Drexel University, Nesbitt Hall Room 458, 3215 Market St NW, Philadelphia, PA, 19104, USA.
Equal Measure, Philadelphia, PA, USA.
J Urban Health. 2021 Oct;98(5):654-664. doi: 10.1007/s11524-021-00535-0. Epub 2021 Mar 15.
Latino immigrants are disproportionately impacted by substance use, HIV/AIDS, domestic violence, and mental health (SAVAME). The burden of these syndemic conditions is influenced by limited access to health and social services to prevent and treat these conditions. The syndemic nature of these factors necessitates an integrated, coordinated approach to address them simultaneously. We analyzed characteristics of Latino-serving organizations in Philadelphia, PA, that provide SAVAME-related health and/or social services, and their interorganizational collaborations to meet the needs of Philadelphia's Latino communities. We surveyed Latino-serving organizations (N=43) identified through existing resource directories and key informants. Network analyses identified patterns and density of collaborative ties (i.e., referrals, administrative, or planning/advocacy) across organizations and characterized these ties by type of service. Density (expressed as percent of all possible ties) revealed a higher referral rate (40%) than administrative (29%) or planning (26%) coordination. Network sociograms display clusters of providers by geography. Examination of bonding (within-group) ties revealed comparable perceptions of high value among both South/Center Philadelphia (57%) and in North Philadelphia providers (56%), but bridging (between-group) ties suggest lower levels of high-value perceptions (24%). No evident clustering by type of service based on syndemic factor was observed. Density of bridging across types of providers was highest for referrals (38%) followed by planning (23%) and administrative coordination (20%). Interventions to promote collaboration between providers should focus on facilitating administrative and planning collaborations that leverage existing capacity of the network. Given the syndemic nature of these conditions, greater collaboration between providers of complementing SAVAME services is imperative.
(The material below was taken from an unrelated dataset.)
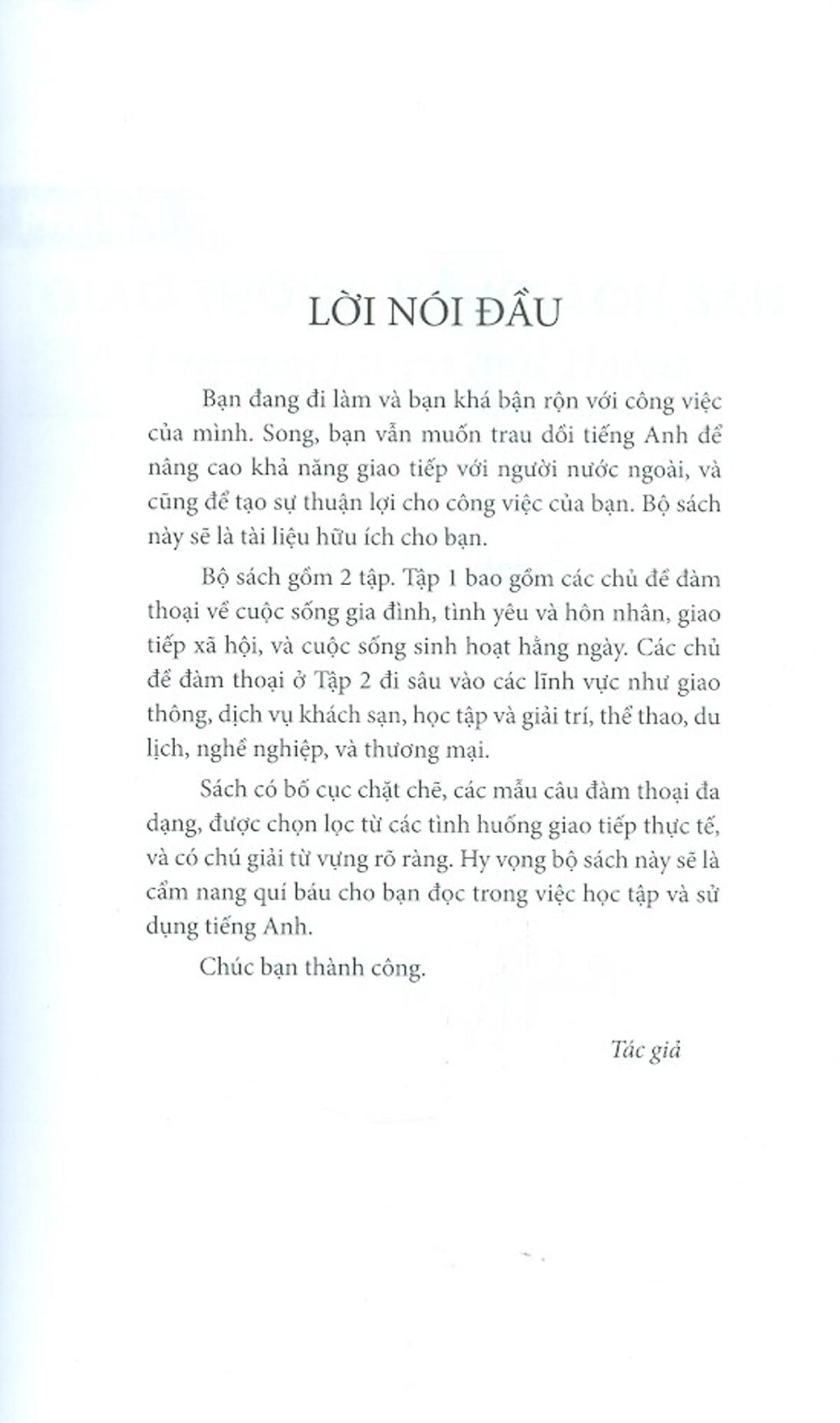 Sách có bố cục chặt chẽ, các mẫu câu đàm thoại đa dạng, được chọn lọc từ các tình huống giao tiếp thực tế, và có chú giải từ vựng rõ ràng. Hy vọng bộ sách này sẽ là cẩm nang quí báu cho bạn đọc trong việc học tập và sử dụng tiếng Anh.

拉丁裔移民不成比例地受到物质使用、艾滋病毒/艾滋病、家庭暴力和心理健康(SAVAME)的影响。这些综合征状况的负担受到获得预防和治疗这些状况的卫生和社会服务的限制的影响。这些因素的综合征性质需要采取综合协调的方法来同时解决这些问题。我们分析了在宾夕法尼亚州费城提供 SAVAME 相关健康和/或社会服务的服务于拉丁裔的组织的特征,以及它们为满足费城拉丁裔社区的需求而进行的组织间合作。我们通过现有的资源目录和关键知情人调查了服务于拉丁裔的组织(N=43)。网络分析确定了组织之间合作关系(即转介、行政或规划/倡导)的模式和密度,并按服务类型对这些关系进行了描述。密度(以所有可能关系的百分比表示)显示转介率(40%)高于行政(29%)或规划(26%)协调。网络社会图显示了按地理位置划分的提供者集群。对粘结(组内)关系的考察表明,无论是在南/中心费城(57%)还是在北费城提供者(56%)中,都对高价值的看法相当一致,但在桥接(组间)关系中,对高价值的看法较低(24%)。没有观察到基于综合征因素的服务类型的聚类。转诊(38%)的桥梁密度最高,其次是规划(23%)和行政协调(20%)。促进提供者之间合作的干预措施应侧重于促进行政和规划合作,利用网络的现有能力。鉴于这些情况的综合征性质,互补 SAVAME 服务提供者之间的合作至关重要。